Il sacro e lo scandalo

Pasolini è marxista e ateo, eppure firma uno dei film religiosi più intensi mai realizzati: Il Vangelo secondo Matteo, del 1964, una vita di Cristo girata con i volti dei contadini del Sud e una sobrietà che commosse perfino la Chiesa. È il cuore della sua poetica: la fusione tra il sacro e il popolare, tra fede e lotta di classe. Ma lo scandalo lo accompagna sempre. Già con l’episodio La ricotta, nel 1963, era finito sotto processo per vilipendio della religione.
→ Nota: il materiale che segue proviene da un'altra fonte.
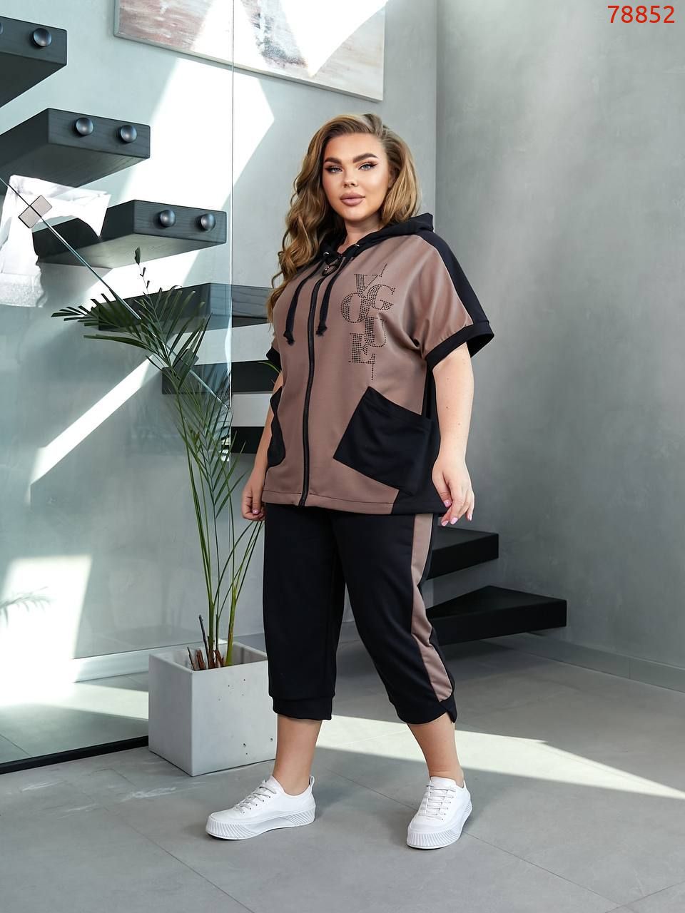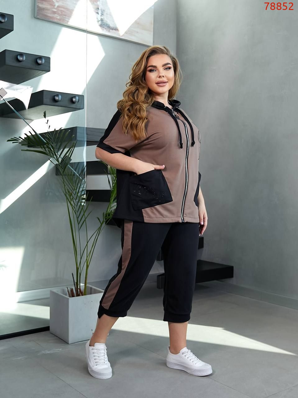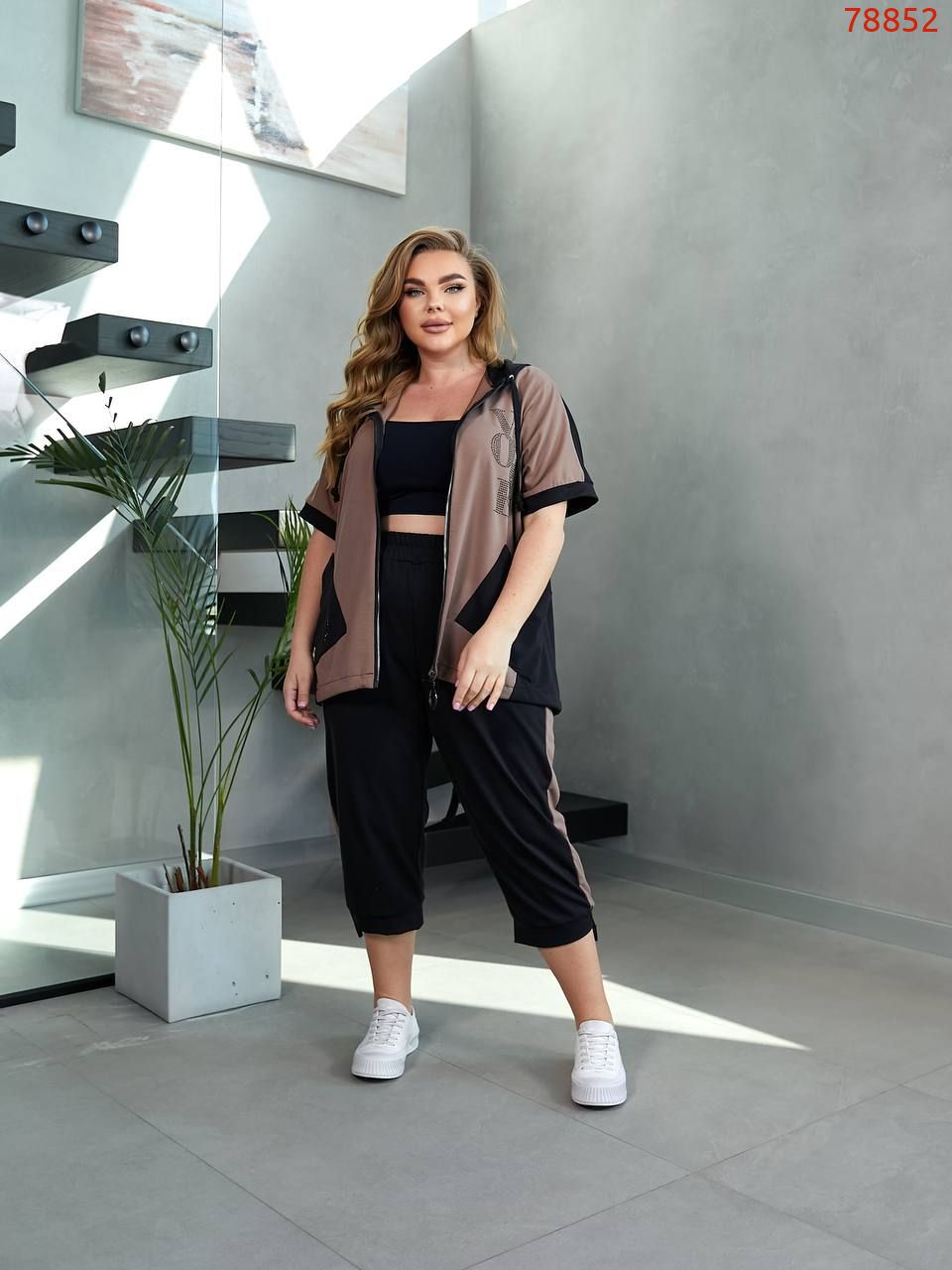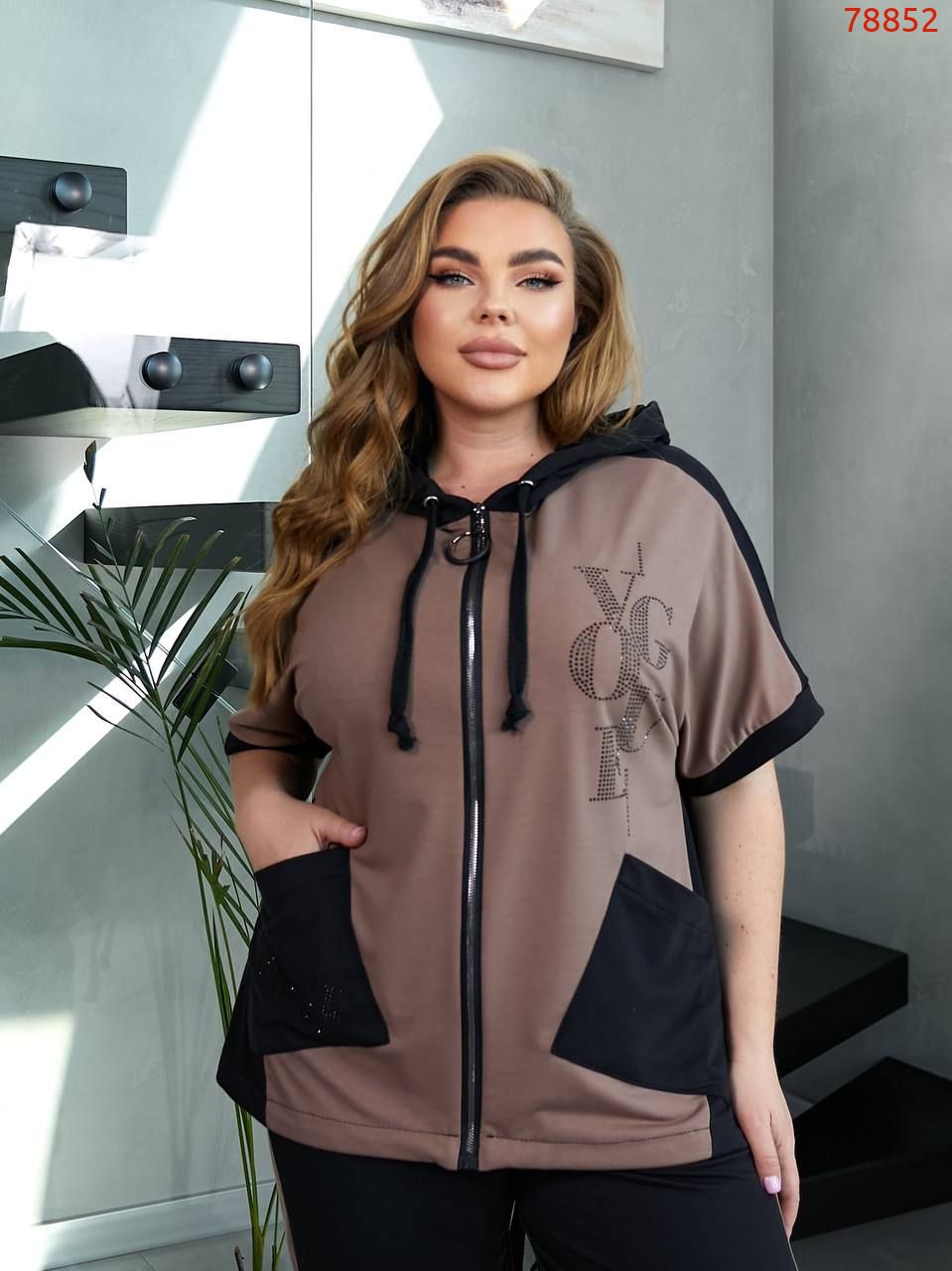 На моделі одягнений розмір 52-54, параметри моделі: 110-86-116, зріст 171 см

Per Pasolini provocare non era un vezzo, ma il modo di costringere la società a guardarsi.

Il mito e il corpo

Negli anni successivi il suo cinema si fa più visionario e si rivolge al mito e ai classici: Edipo re e Teorema, che mette a nudo lo sgretolamento della famiglia borghese, poi Medea, nel 1969, con la voce e la presenza tragica di Maria Callas. Infine la cosiddetta Trilogia della vita, Il Decameron, I racconti di Canterbury e Il fiore delle Mille e una notte, in cui Pasolini celebra il corpo, il sesso e la narrazione popolare con gioia liberatoria, prima di rinnegarne lui stesso lo spirito.

Il suono di Pasolini

La musica, nel cinema di Pasolini, è quasi sempre presa in prestito dai grandi del passato: la Passione secondo Matteo di Bach che sacralizza una rissa in Accattone, il Requiem di Mozart in Teorema. Ma il compositore con cui ha lavorato più spesso, per cinque film, è Ennio Morricone, a cui Pasolini lasciava una libertà quasi totale, chiedendogli solo, per scaramanzia, di nascondere da qualche parte una citazione classica. Sul set dei suoi film si formò anche un giovane scenografo destinato a tre Oscar, Dante Ferretti, che proprio con Pasolini firmò la prima scenografia della carriera.

Salò e la fine

Il suo ultimo film è anche il più estremo. Salò o le 120 giornate di Sodoma, girato nel 1975 e uscito postumo l’anno seguente, trasporta il romanzo di Sade nella Repubblica di Salò e diventa un’allegoria feroce del potere e del fascismo, uno dei film più disturbanti mai realizzati, a lungo censurato. Pasolini non lo vide mai nelle sale: nella notte tra il 1 e il 2 novembre 1975 fu ucciso al lido di Ostia, in circostanze ancora oggi non del tutto chiarite. Aveva cinquantatré anni. Ci ha lasciato un cinema che non smette di interrogarci, scomodo e sacro insieme, capace come pochi di trasformare la realtà più misera in pura poesia. Era, prima di ogni altra cosa, un poeta che aveva scelto la macchina da presa come una nuova lingua.